### WHAT IS REQUIRED
The output is the line containing "紧接着,实践团队来到通榆县包" plus every later line down to the end of the listing below, copied exactly. No pictures belong in it.

### SUPPLIED INFORMATION
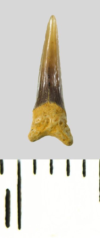 Мелкий боковой зуб с коронкой серого цвета, колюще-режущего типа, S-образно изогнутой, с гладким режущим краем. С лингвальной стороны у основания коронки на эмали имеется скульптура в виде слабой продольной струйчатости. Корень охристый, арочный, умеренно массивный, со следами окатанности. Имеется одна питательная борозда с лингвальной стороны корня. Добавочные зубцы коронки зуба отсутствуют.
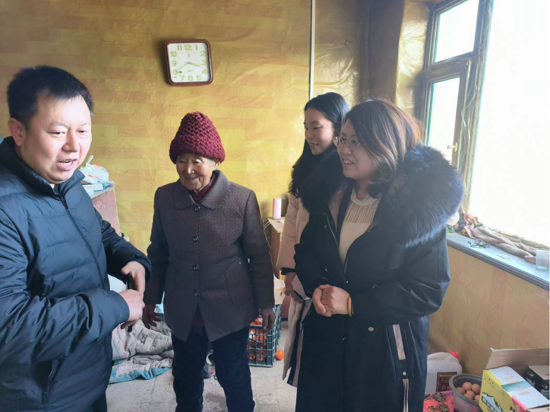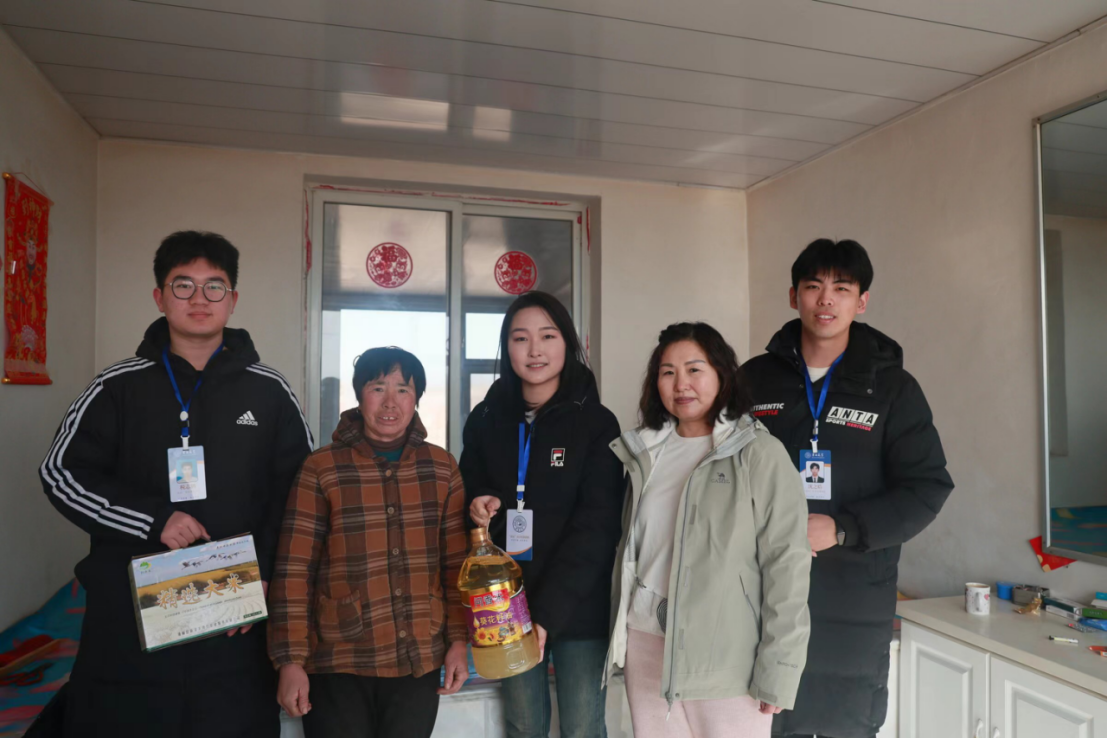 紧接着,实践团队来到通榆县包拉温都蒙古族乡半拉格森村,走进农户家中炕头,进行慰问。一行人先后前往多户脱贫村民家中,与村民进行面对面访谈交流,深入了解十年来脱贫攻坚为村民生活带来的巨大变化以及村民对于未来美好生活的展望,并送去大米、食用油、水果等生活用品。在交流过程中,团队成员向村民了解了有关作物收成、居住条件等方面的情况,并介绍与普及了科技小院对于作物增产的重要作用。
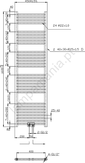 Novaservis - Radiador toalheiro para casa de banho tipo escada 648W/230V 160x45 cm preto reto
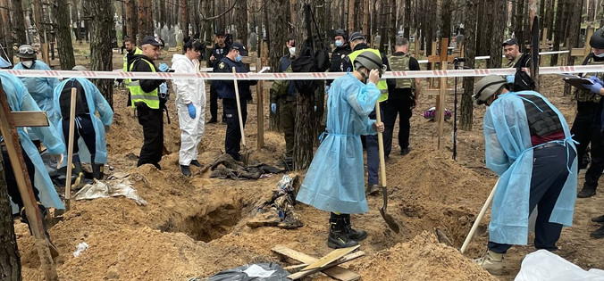 Šef istražnog odeljenja policije regiona Karkiv Sergej Bolvinov rekao je da je na mestu masovne grobnice u Izjumu pronađeno oko 440 grobnica. Sva tela će biti ekshumirana i poslata na forenzički pregled.

### TASK RESULT
 紧接着,实践团队来到通榆县包拉温都蒙古族乡半拉格森村,走进农户家中炕头,进行慰问。一行人先后前往多户脱贫村民家中,与村民进行面对面访谈交流,深入了解十年来脱贫攻坚为村民生活带来的巨大变化以及村民对于未来美好生活的展望,并送去大米、食用油、水果等生活用品。在交流过程中,团队成员向村民了解了有关作物收成、居住条件等方面的情况,并介绍与普及了科技小院对于作物增产的重要作用。
 Novaservis - Radiador toalheiro para casa de banho tipo escada 648W/230V 160x45 cm preto reto
 Šef istražnog odeljenja policije regiona Karkiv Sergej Bolvinov rekao je da je na mestu masovne grobnice u Izjumu pronađeno oko 440 grobnica. Sva tela će biti ekshumirana i poslata na forenzički pregled.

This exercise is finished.